Local regularities of a signal contain important information such as edges in an image and QRS complexes in an Electrocardiogram (ECG). In order to detect such local regularities in the signal, wavelet transform has been focused on as a powerful tool for signal processing applications. Wavelet maxima at the time in which the signal abruptly changes are usually large in amplitude. However, with only the magnitude of the wavelet maxima the features of the signal cannot be known in detail. Mallat et al. proposed the Lipchitz regularity for observing signal cross scales in multiresolution signal analysis, but its computational cost was relatively expensive. This paper presents a novel method for signal detection using lifting dyadic wavelet transform, which has the time-invariant property. The lifting wavelet parameters contained in Swelden's formula were tuned, adapting them to the signals to be detected. The method for tuning these parameters was to learn the features of the target signals in the multiresolution analysis. To evaluate our methods we applied them to detect the QRS complexes contained in an ECG. The results showed that our methods were useful to detect target signals accurately.

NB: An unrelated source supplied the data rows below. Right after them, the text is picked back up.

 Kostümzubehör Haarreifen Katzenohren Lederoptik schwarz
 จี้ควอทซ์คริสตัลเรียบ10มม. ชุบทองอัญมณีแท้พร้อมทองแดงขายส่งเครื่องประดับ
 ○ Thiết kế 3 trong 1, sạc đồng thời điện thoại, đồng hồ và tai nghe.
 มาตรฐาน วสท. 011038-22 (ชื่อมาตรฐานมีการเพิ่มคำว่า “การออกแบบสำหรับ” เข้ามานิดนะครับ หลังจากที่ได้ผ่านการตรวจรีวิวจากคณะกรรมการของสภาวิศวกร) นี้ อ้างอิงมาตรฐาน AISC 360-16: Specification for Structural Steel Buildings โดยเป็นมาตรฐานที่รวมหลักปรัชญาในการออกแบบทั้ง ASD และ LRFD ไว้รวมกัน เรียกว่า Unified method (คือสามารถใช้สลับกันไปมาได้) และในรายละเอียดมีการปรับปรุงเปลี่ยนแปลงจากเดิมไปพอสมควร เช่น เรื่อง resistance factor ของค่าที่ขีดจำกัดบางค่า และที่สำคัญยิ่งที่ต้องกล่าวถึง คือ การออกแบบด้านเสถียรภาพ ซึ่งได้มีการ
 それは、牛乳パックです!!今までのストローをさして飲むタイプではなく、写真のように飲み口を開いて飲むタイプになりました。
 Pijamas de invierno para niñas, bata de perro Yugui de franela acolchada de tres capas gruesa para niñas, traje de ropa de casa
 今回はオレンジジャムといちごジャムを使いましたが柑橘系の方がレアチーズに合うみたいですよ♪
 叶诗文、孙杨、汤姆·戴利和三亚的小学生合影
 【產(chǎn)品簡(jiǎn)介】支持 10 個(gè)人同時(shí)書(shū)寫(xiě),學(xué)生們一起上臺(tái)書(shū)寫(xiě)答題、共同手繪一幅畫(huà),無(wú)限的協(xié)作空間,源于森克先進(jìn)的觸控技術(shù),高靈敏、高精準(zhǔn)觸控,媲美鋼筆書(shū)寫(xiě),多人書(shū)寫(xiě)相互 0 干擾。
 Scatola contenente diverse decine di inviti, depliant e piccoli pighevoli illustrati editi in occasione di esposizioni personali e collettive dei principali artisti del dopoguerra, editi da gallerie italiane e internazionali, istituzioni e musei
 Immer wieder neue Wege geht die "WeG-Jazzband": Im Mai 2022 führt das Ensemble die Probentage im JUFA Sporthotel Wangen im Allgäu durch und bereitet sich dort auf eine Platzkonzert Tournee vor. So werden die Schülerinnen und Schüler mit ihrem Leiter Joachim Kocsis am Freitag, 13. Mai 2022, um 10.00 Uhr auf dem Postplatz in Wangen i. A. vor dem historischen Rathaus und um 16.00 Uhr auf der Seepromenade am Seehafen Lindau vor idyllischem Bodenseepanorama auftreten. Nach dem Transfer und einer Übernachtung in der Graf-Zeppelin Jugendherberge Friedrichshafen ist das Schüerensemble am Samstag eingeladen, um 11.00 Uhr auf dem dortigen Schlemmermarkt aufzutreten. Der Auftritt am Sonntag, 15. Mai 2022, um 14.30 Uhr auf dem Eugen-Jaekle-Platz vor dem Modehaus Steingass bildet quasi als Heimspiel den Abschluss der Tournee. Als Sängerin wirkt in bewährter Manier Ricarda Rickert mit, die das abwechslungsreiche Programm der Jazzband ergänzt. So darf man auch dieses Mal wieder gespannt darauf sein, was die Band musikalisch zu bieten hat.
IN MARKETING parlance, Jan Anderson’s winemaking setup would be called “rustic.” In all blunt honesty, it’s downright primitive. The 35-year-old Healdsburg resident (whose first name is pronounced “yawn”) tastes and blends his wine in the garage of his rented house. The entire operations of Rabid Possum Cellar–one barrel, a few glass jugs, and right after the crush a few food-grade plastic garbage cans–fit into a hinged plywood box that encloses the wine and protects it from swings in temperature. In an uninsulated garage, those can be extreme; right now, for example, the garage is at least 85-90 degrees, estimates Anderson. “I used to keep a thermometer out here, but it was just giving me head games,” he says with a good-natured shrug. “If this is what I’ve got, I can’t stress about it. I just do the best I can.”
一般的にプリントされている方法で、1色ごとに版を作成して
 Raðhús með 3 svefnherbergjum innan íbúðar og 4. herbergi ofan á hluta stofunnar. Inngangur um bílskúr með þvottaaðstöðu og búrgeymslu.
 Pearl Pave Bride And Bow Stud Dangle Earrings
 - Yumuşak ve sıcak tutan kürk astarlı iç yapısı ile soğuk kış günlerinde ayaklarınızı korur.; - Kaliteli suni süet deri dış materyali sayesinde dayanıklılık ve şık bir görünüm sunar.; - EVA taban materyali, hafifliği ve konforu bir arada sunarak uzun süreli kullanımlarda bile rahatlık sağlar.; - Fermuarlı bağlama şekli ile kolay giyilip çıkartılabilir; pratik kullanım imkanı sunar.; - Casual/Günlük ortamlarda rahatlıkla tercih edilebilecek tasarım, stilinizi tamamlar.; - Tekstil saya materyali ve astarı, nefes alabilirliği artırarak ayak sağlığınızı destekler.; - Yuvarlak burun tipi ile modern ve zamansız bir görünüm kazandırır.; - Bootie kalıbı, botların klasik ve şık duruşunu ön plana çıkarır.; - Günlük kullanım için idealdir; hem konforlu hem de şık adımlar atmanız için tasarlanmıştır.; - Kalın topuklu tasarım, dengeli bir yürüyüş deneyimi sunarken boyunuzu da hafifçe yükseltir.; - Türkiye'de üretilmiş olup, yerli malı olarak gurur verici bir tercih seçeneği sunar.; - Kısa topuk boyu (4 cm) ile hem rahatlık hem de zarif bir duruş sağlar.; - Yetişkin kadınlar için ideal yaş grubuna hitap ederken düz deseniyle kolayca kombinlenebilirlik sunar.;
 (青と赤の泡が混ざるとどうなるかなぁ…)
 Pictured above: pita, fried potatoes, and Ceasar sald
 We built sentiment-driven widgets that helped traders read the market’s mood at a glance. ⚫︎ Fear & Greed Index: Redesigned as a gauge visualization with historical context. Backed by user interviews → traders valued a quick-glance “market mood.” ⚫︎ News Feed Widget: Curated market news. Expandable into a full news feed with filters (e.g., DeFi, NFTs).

机译:信号的本地正则规则量包含在心电图(ECG)中图像和QRS复合物中的重要信息,例如图像和QRS复合物。为了检测信号中的这种本地规律,小波变换一直专注于信号处理应用的强大工具。在信号突然变化的时间内的小波最大值通常在幅度中大。然而,只有小波最大值的大小,不能详细了解信号的特征。 Mallat等人。提出了用于观察多分辨率信号分析中的信号交叉尺度的Lipchitz规律性,但其计算成本相对昂贵。本文介绍了使用提升二元小波变换的信号检测方法,具有时间不变的属性。调整瑞士文公式中包含的提升小波参数,调整它们以检测的信号。调整这些参数的方法是学习多分辨率分析中目标信号的特征。为了评估我们的方法,我们将它们应用于检测心电图中包含的QRS复合物。结果表明,我们的方法可准确地检测目标信号。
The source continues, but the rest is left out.